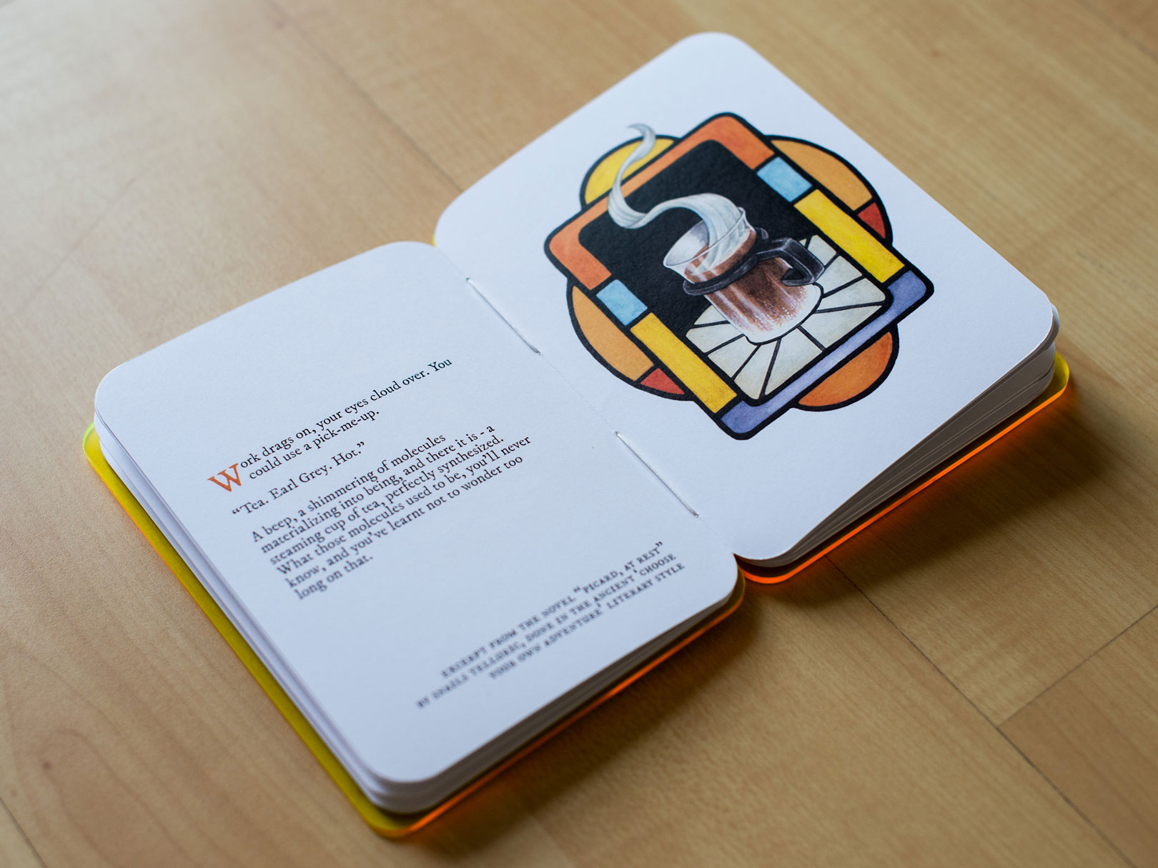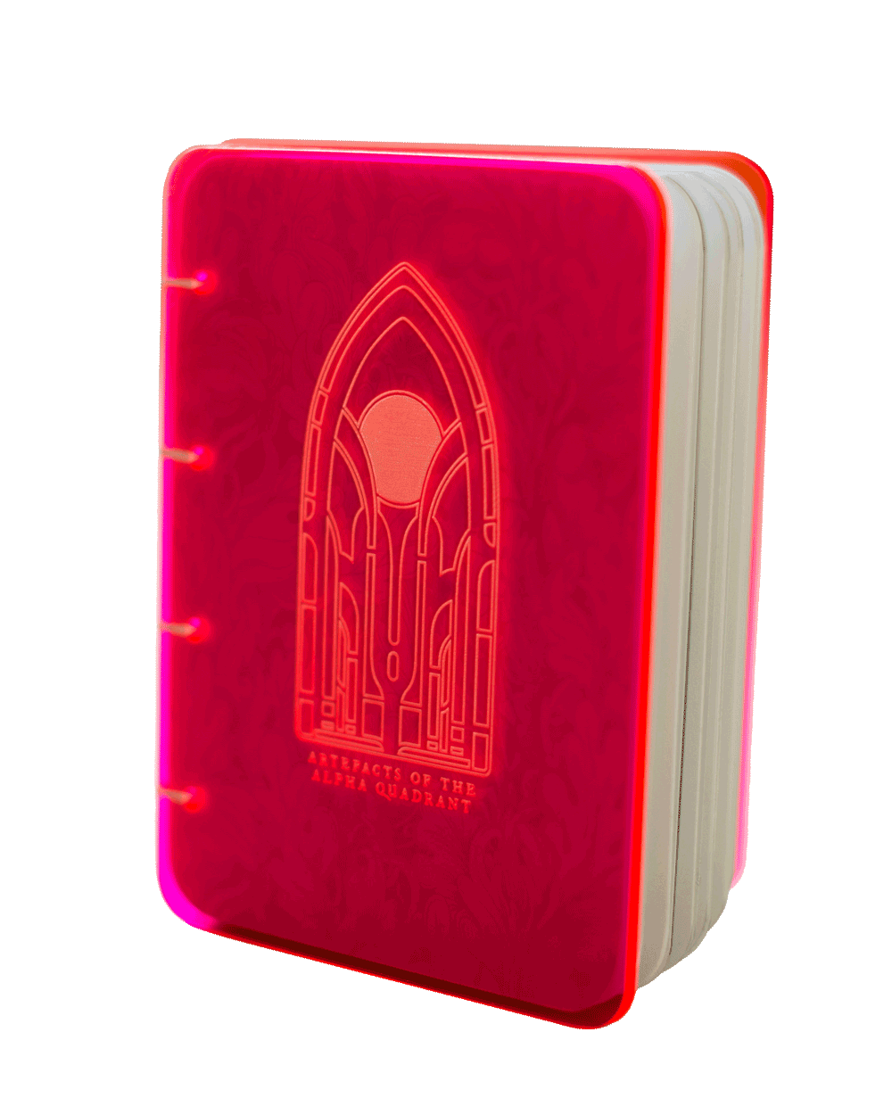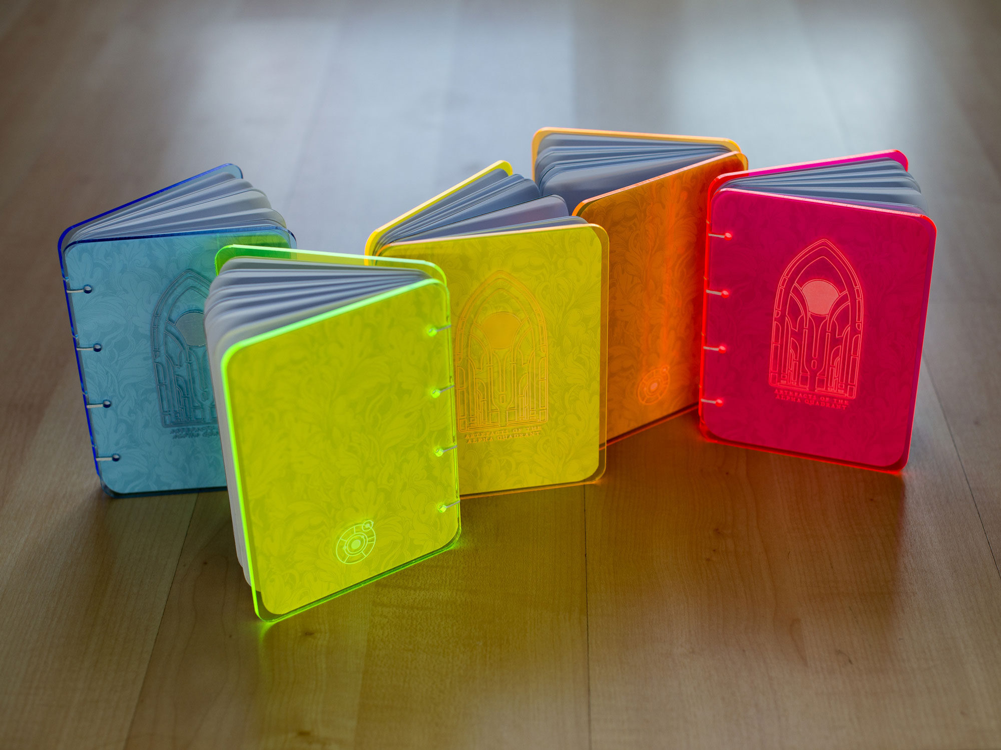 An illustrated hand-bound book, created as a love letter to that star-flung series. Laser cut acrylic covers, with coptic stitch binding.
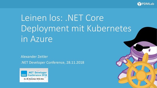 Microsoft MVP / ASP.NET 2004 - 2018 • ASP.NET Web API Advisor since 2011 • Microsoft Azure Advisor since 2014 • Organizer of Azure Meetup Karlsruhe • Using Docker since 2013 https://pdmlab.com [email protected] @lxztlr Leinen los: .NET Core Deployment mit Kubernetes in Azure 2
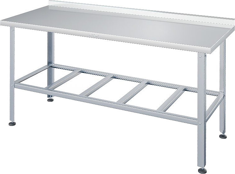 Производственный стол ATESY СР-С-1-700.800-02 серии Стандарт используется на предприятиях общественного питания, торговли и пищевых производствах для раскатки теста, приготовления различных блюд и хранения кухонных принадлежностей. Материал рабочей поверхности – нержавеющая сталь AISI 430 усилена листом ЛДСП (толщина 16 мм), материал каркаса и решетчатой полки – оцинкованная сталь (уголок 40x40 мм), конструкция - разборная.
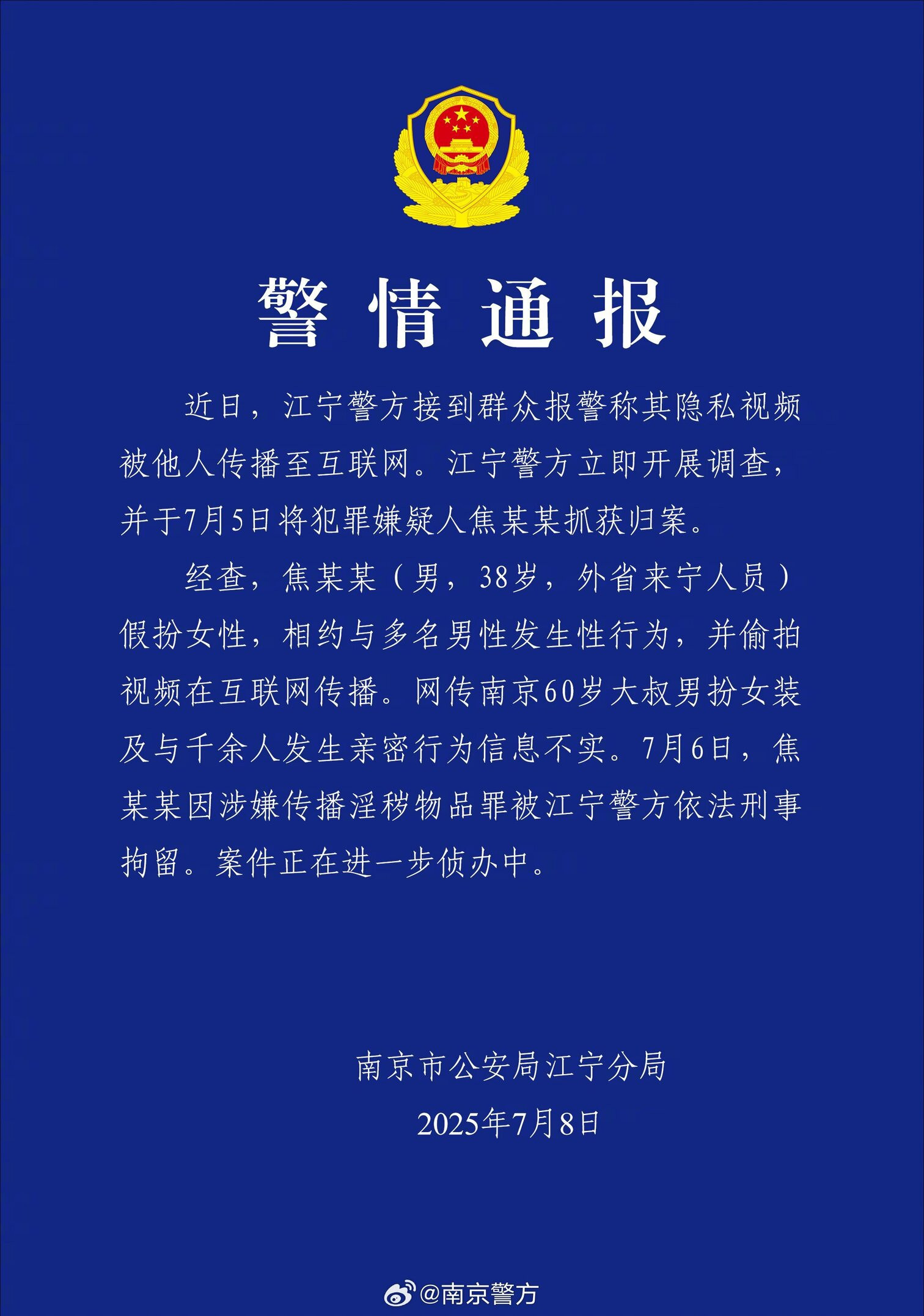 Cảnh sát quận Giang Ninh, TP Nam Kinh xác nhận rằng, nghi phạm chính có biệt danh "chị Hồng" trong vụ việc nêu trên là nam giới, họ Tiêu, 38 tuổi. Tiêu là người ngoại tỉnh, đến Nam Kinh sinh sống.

- **Task item**: Quote exactly the lines from the one that contains "Производственный стол ATESY" through the end of the listing above, both ends included, leaving out the pictures.

- **Solution to this exercise**:
 Производственный стол ATESY СР-С-1-700.800-02 серии Стандарт используется на предприятиях общественного питания, торговли и пищевых производствах для раскатки теста, приготовления различных блюд и хранения кухонных принадлежностей. Материал рабочей поверхности – нержавеющая сталь AISI 430 усилена листом ЛДСП (толщина 16 мм), материал каркаса и решетчатой полки – оцинкованная сталь (уголок 40x40 мм), конструкция - разборная.
 Cảnh sát quận Giang Ninh, TP Nam Kinh xác nhận rằng, nghi phạm chính có biệt danh "chị Hồng" trong vụ việc nêu trên là nam giới, họ Tiêu, 38 tuổi. Tiêu là người ngoại tỉnh, đến Nam Kinh sinh sống.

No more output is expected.